Revenue for the quarter ended September 30 totalled €12.24 billion (US$17.68 billion), a figure which will disappoint analysts who had expected something nearer $18.59 billion.
The company reported net profit of €1.09 billion, down from €1.56 billion a year earlier.
During the quarter Nokia closed its acquisition of Navteq, a distributor of digital maps for GPS (Global Positioning System) terminals, bringing it additional sales of €156 million but an operating loss of €80 million.
Nokia sold 117.8 million mobile devices in the third quarter, giving it 38 percent of a market it estimates at 310 million devices. That's down from a share of 39 percent a year earlier, and 40 percent in the second quarter, it said.
Phone sales rose 13.9 percent year on year to 33.6 million in Nokia's largest regional market, Asia-Pacific, but declined 5.5 percent to 27.4 million in Europe. Nokia sold 19.8 million phones in Greater China, up 4.8 percent year on year despite a dip there in the second quarter.
The company had warned in early September that it expected its market share to drop as it refused to engage in a price war with other manufacturers.
"We will move to maximize our bottom line with the right combination of margin and market share," said President and CEO Olli-Pekka Kallasvuo in a conference call with analysts.
One factor affecting Nokia's results is a move to cheaper handsets: handset sales for the quarter rose 8 percent by volume compared to a year earlier, but dropped 7 percent by value.
"There's only one way average selling prices can go -- and that's down," said Gartner research director Carolina Milanesi.
The average selling price of Nokia's phones slipped to €72 in the third quarter, from €74 in the second quarter and €82 in the third quarter of 2007, the company said.
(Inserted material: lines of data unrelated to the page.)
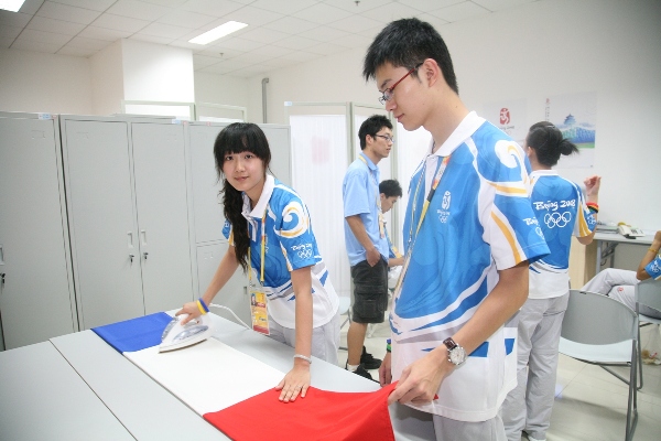 頒獎儀式通用志愿者在頒獎儀式等候區有條不紊地熨燙各國家國旗。據該業務口王璇介紹,此次他們所準備的十三面國旗正是為了今天下午四點半的男子團體競速賽。之前國旗是被整齊疊放在袋子中的,所以會有明顯折痕,他們要把每個折痕一點一點地熨燙平整。熨燙平整后,要把每面國旗穿上旗桿并反復核對上下及正反面后放到大架子上,到賽會結束后要嚴格保證這十三面國旗不被弄濕、弄褶。
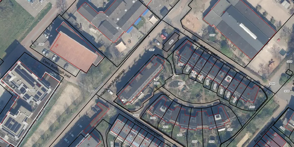 Frederik van Eedenlaan 8 is gelegen op kadastraal perceel CLB00C2863. Deze kadastrale aanduiding is uniek en wordt gebruikt door het Kadaster om eigendomsrechten en andere zakelijke rechten vast te leggen. Het perceel maakt onderdeel uit van de kadastrale gemeente Culemborg.
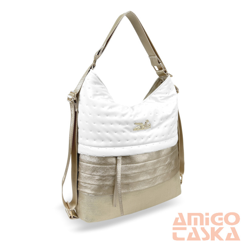 MéreteMa:35 | Sz: 33 | Mé: 12 cmZellia válltáska ami egy mozdulattal hátizsák táskává alakítható, ezt a táskát azon hölgytársaimnak ajánlom akik mindig bajban vannak ,hogy nincs elég szabad kezük . Imádni fogjátok gyors és praktikus funkcióját ,hogy állítható vállpántjával egy hosszabb pántos vállra tehető táskát csinálhatsz ami a téli vastagabb kabát szezonban jól jön. Közepesen nagy méretű ,mindent amit csak cipelsz magaddal ez a táska biztosan elnyel. Erősített pántjai segítségével hátizsák funkciója rendkívül kényelmes. Kívül belül zsebekkel ellátott.
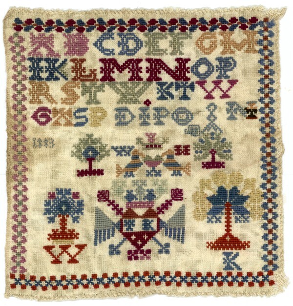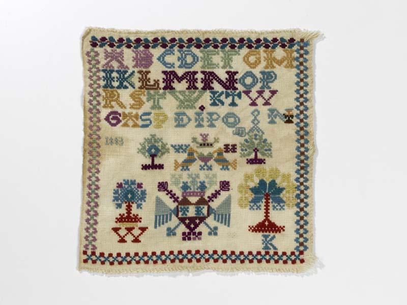 Merkletterlap met rondom verschillende randen, gemerkt W.K. 1883
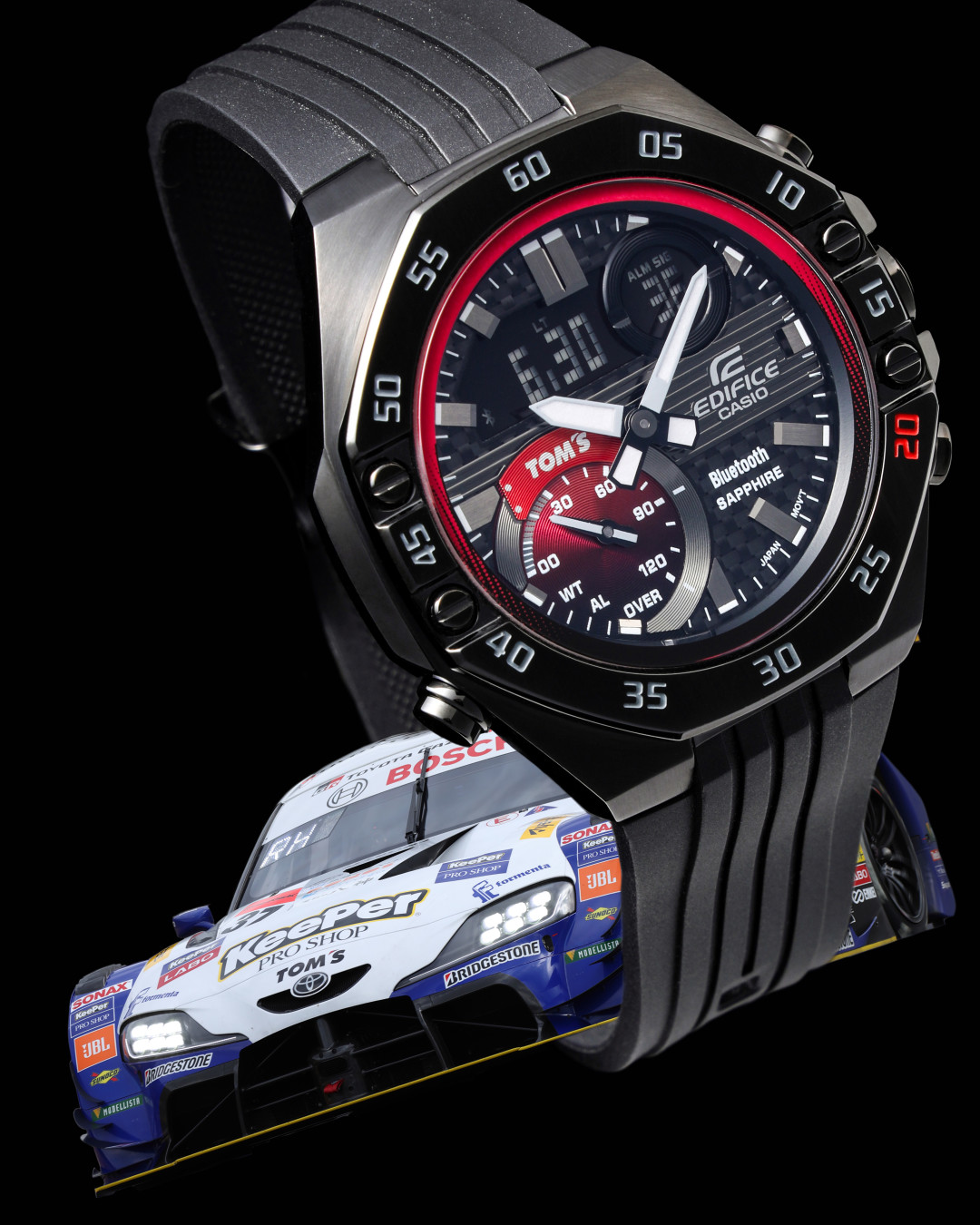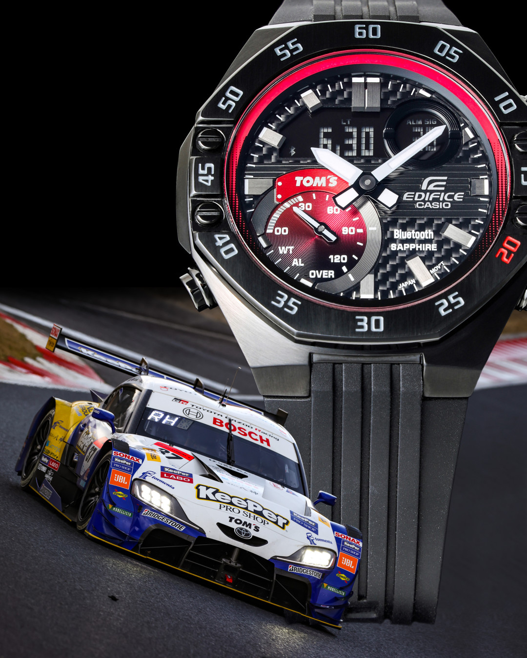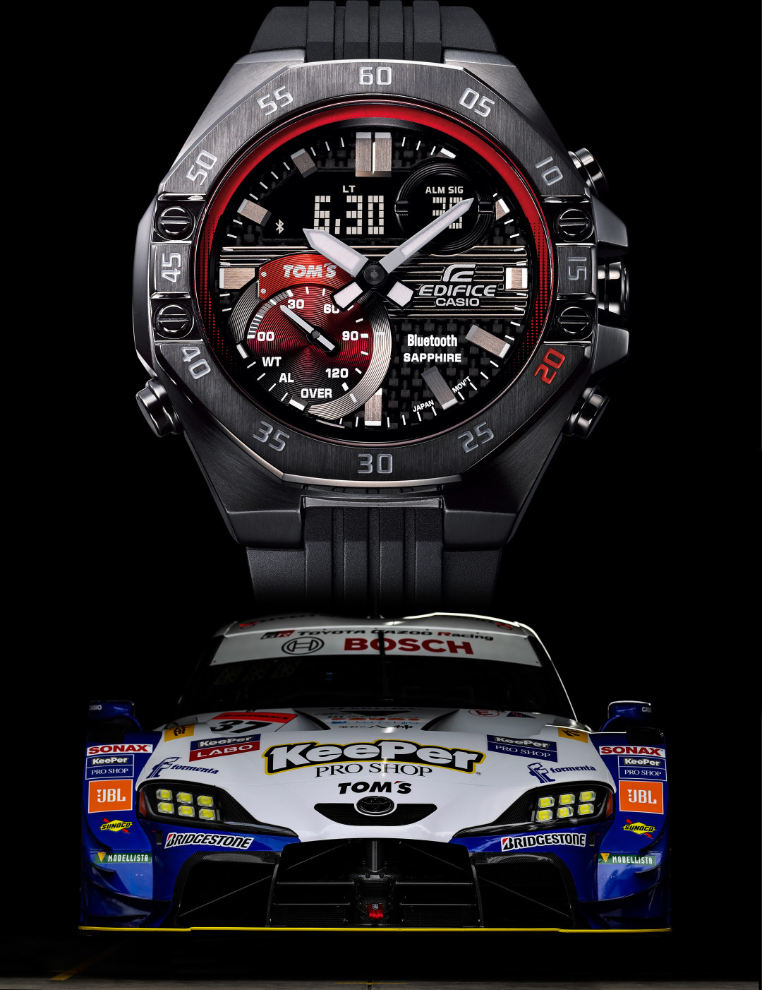 Корпорация CASIO Computer Co., Ltd. объявляет о выпуске лимитированной модели ECB-10TMS, созданной совместно с японской гоночной командой TOM’S. В Россию поступят всего 20 экземпляров этих часов.

Nokia's flagship N96 smartphone will be struggling in this market, Milanesi said. Its over-long feature list, including a digital TV receiver that won't work in many European countries, makes it expensive to manufacture at a time when operators are being more careful about how they subsidize phones for new customers.
Despite the economic downturn, Nokia sees itself as "well positioned for the current times," it said.
The company still expects the mobile phone market to grow -- to 1.26 billion units this year from 1.14 billion in 2007, and it sees its share of that market remaining steady or rising in the fourth quarter.